Developing a virtual antenatal education offer during COVID-19

A Better Start

Dr. Michelle Everitt, Registrar in Public Health, describes how antenatal education is going ahead despite the restrictions brought on by the pandemic.

Dr. Michelle Everitt

When the COVID-19 lockdown began it was inevitable that antenatal programmes, along with so many other support services, would have to adapt.

Normally across the Bradford district there are two universally available antenatal classes – those offered by the local maternity service and also the ‘Welcome to the World’ course which is delivered through Family Hubs (formerly known as Children’s Centres).

Some services for families quickly found ways to continue, albeit with significant changes, such as via email, phone or video call. Support was quickly made available for vulnerable families during the antenatal period, this included statutory services such as health visiting or social services. For our Better Start Bradford population the ‘Baby Steps’ programme was continuing to recruit vulnerable families and deliver the programme virtually. However, a clear gap was emerging around universal antenatal education as there was no capacity to deliver the usual antenatal provision remotely. At Better Start Bradford we recognised there was a need for free virtual antenatal support and education.

When reflecting on how to best meet this identified need we considered the current climate and the demands this was placing on many families. We recognised that requiring pregnant women to commit to attending a course of sessions was unrealistic. We decided to develop four live sessions to be repeated frequently. Participants would be encouraged to access these when convenient, with no obligation to attend all four in a row, making this different to pre-existing antenatal offers.

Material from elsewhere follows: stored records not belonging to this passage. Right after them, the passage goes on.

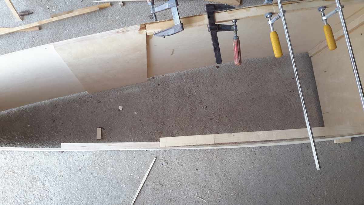 Miután a toldások megtörténtek, a két 7,5x0,8m -es oldalfalat szorítókkal összefogattam majd felrajzoltam és levágtam az orr (és a far) emelkedési ívét. A "wave piercer" orr nem követel akkora emelkedést mint a klasszikus így 2,5m-en 15cm -ben találtam optimálisnak. Persze ez is majd csak a használat közben fog kiderülni mint oly sok döntésem következménye :)
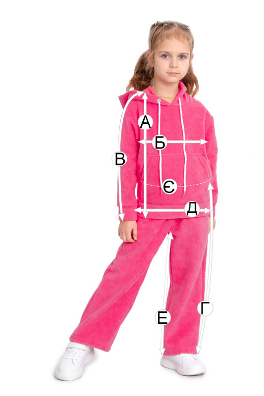 Е - Довжина штанів по кроковому шву, +/-2см |
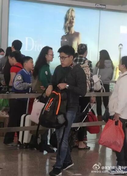 一家三口出行,晶晶负责贴身照顾儿子,霍启刚只要默默在后面做妻儿的“搬运工”。
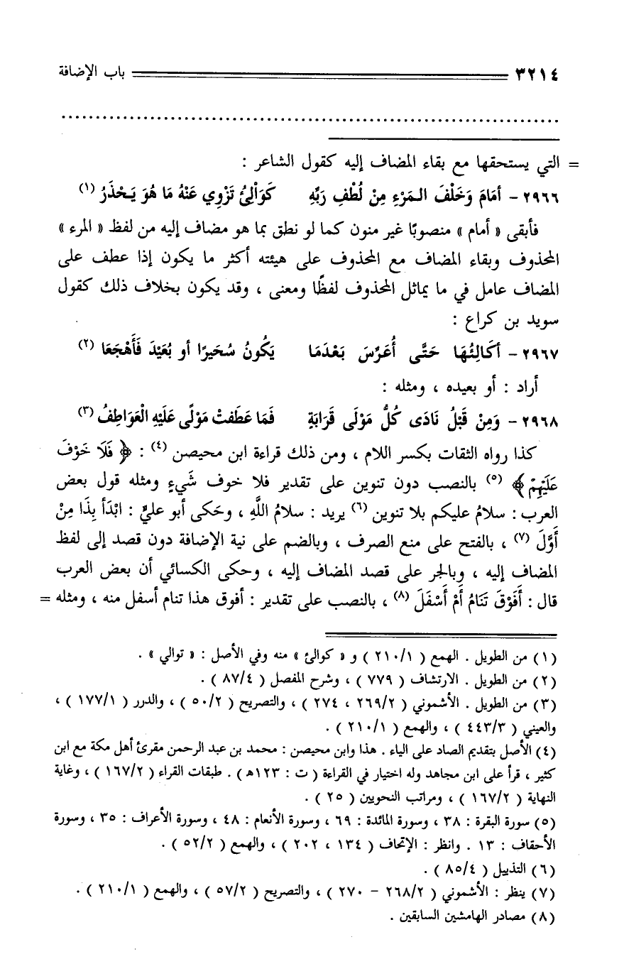 (¬7) ينظر: الأشموني (2/ 268 - 270)، والتصريح (2/ 57)، والهمع (1/ 210).
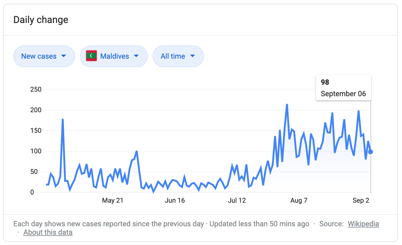 According to Google's COVID-19 tracker, The Maldives experienced a small jump in cases during the open-border period, but the country has experienced fewer than 9,000 cases overall.
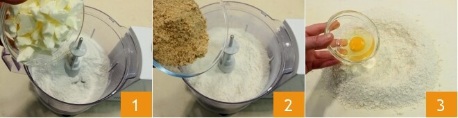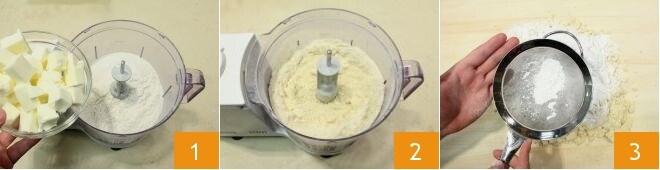 Um den hellen Mürbeteig vorzubereiten, beginnen Sie damit, die kalte Butter in Stückchen und das Mehl in die Schüssel des Mixers zu geben 1 und führen Sie die Krümelbildung durch, indem Sie die Klingen intermittierend betätigen, um die Zutaten nicht übermäßig zu erhitzen 2. Kippen Sie die Krümelbildung auf die Arbeitsfläche und fügen Sie den gesiebten Puderzucker hinzu 3,
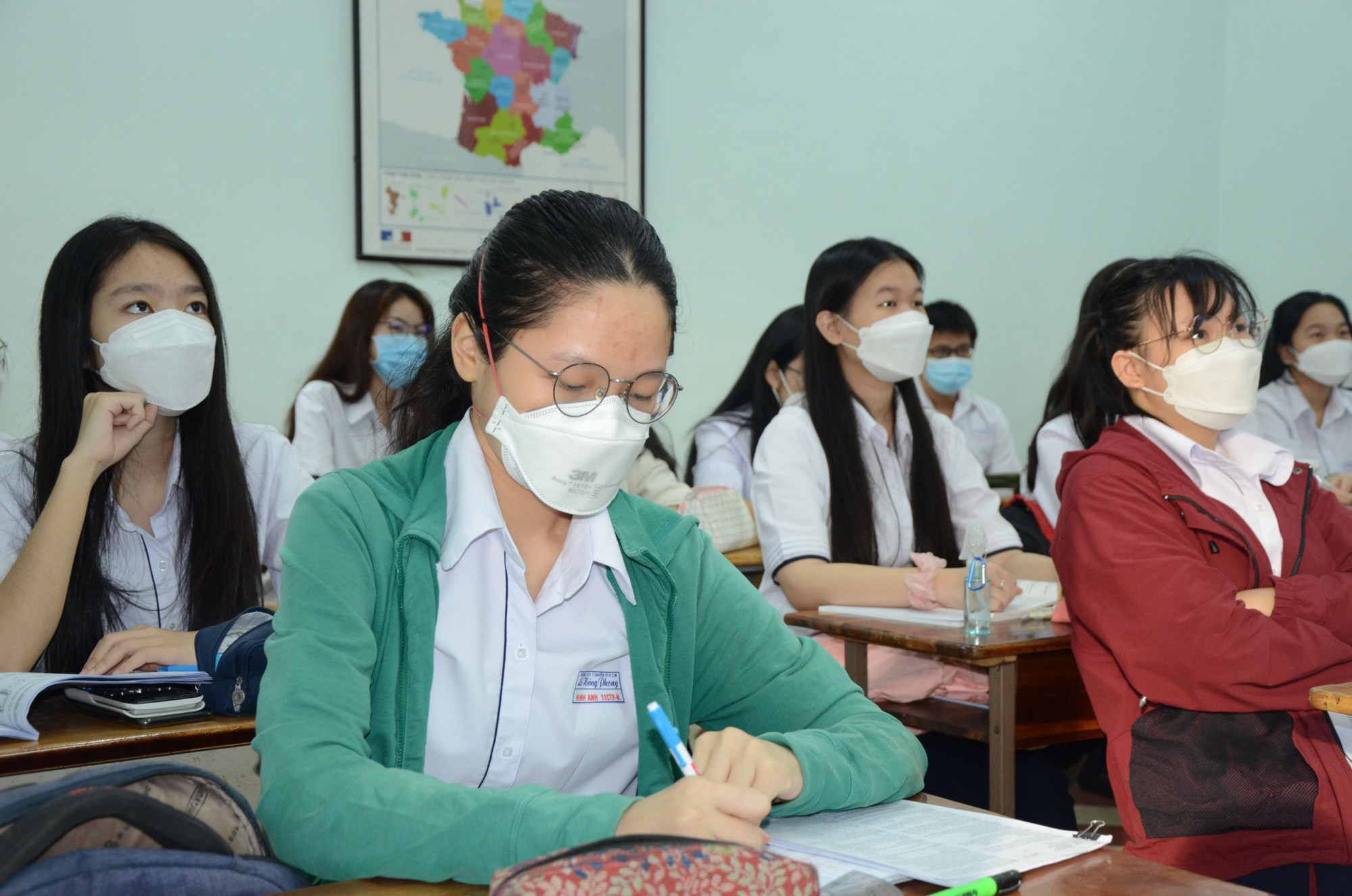 Học sinh lớp 12 Trường THPT chuyên Lê Hồng Phong (TPHCM) trong buổi học trực tiếp đầu tiên năm học 2021-2022.
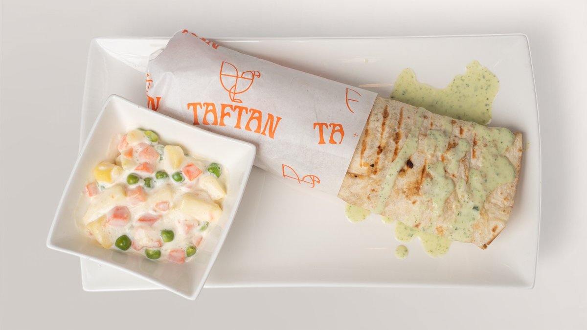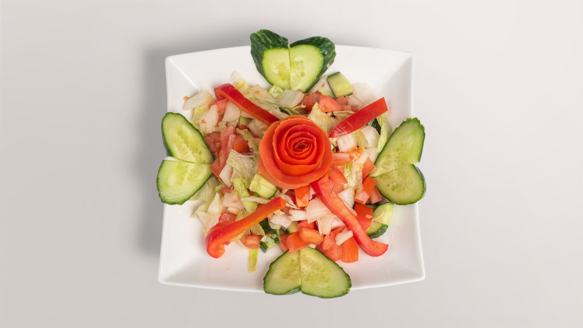 alle Gerichte werden mit Zwiebeln und Minzsoße zubereitet und mit russischem Salat serviert
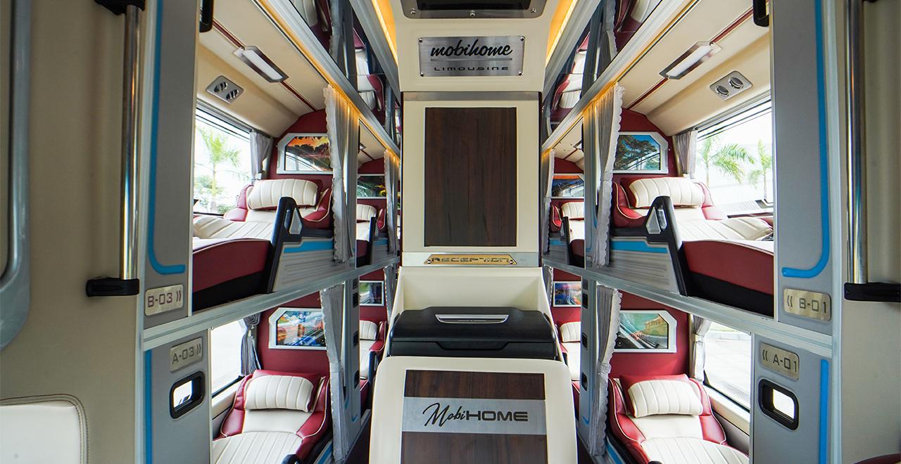 Khoang giường với phong cách thiết kế đậm dấu ấn không gian, tinh tế trong từng chi tiết, trang bị các tiện ích giải trí cao cấp cho từng khoang hành khách như: màn hình LCD, cổng kết nối USB, cổng sạc điện thoại di động, đèn đọc sách, hộc đồ cá nhân, khay đựng nước.
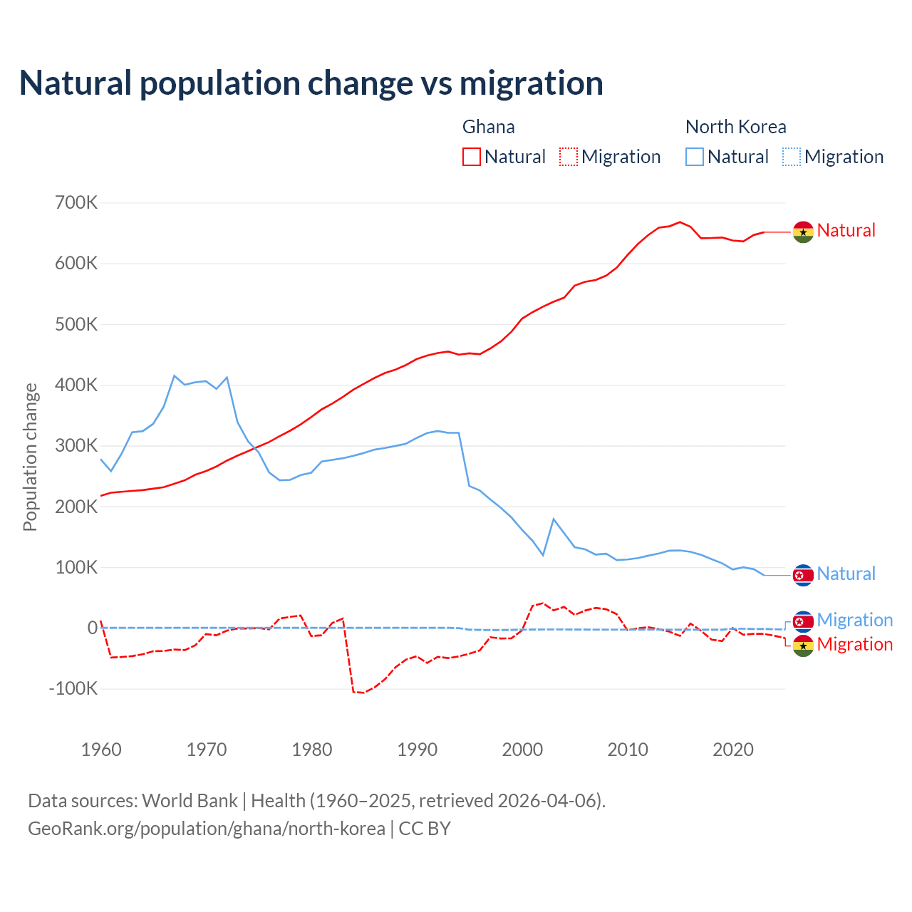 Over the last 10 years, 98.6% of the population change in Ghana is from natural causes (a gain of 6,484,449 people) and 1.37% is from migration (a loss of 90,310 people). In North Korea 97.7% is from natural causes (a gain of 1,097,372 people) and 2.33% is from migration (a loss of 26,227 people).

Within the Better Start Bradford team we have a great wealth of experience and skill including midwives and practitioners with experience of running antenatal education sessions. A small group developed the virtual sessions, prepared promotional material, and worked with partner organisations including maternity services to help shape the programme. Within a few weeks of first identifying the need we held our first pilot session. This was delivered via Zoom by a midwife and an early years practitioner from within the Better Start Bradford team.

Three of these sessions have now been held (as of 14 May 2020) with an increasing number of women attending each session – we had 39 participants sign up and attend the three sessions (30 individual women). Once the fourth and final pilot session was delivered on 21 May, we intend to run two sessions a week going forward. This means the entire programme will be delivered once a fortnight. The sessions cover topics such as staying healthy during pregnancy, comfort measures during labour, developing a good attachment during pregnancy and immediately post birth, feeding and safe sleeping.

Participants were sent a survey after each pilot session to aid our development process. The feedback showed that Zoom worked well as a delivery medium and all participants who provided feedback felt that the sessions either met or exceeded their expectations. We have received some great feedback including: “I would just like to say how very, very helpful and informative the session is.” “Really excited about next week’s feeding topic.” “Even my partner was impressed.”

It is early days for our Virtual Antenatal Offer, and we are aware that we still have some issues to address, for example, low digital literacy as a barrier to accessing the sessions. We feel that this offer has real potential and demonstrates that innovation can come out of adversity.

Dr. Michelle Everitt is a Registrar in Public Health in Bradford

About A Better Start

A Better Start is a ten-year (2015-2025), £215 million programme set-up by The National Lottery Community Fund, the largest funder of community activity in the UK. Five A Better Start partnerships based in Blackpool, Bradford, Lambeth, Nottingham and Southend are supporting families to give their babies and very young children the best possible start in life. Working with local parents, the A Better Start partnerships are developing and testing ways to improve their children’s diet and nutrition, social and emotional development, and speech, language and communication.

The work of the programme is grounded in scientific evidence and research. A Better Start is place-based and enabling systems change. It aims to improve the way that organisations work together and with families to shift attitudes and spending towards preventing problems that can start in early life. It is one of five major programmes set up by The National Lottery Community Fund to test and learn from new approaches to designing services which aim to make people’s lives healthier and happier

The National Children’s Bureau is coordinating an ambitious programme of shared learning for A Better Start, disseminating the partnerships’ experiences in creating innovative services far and wide, so that others working in early childhood development or place-based systems change can benefit.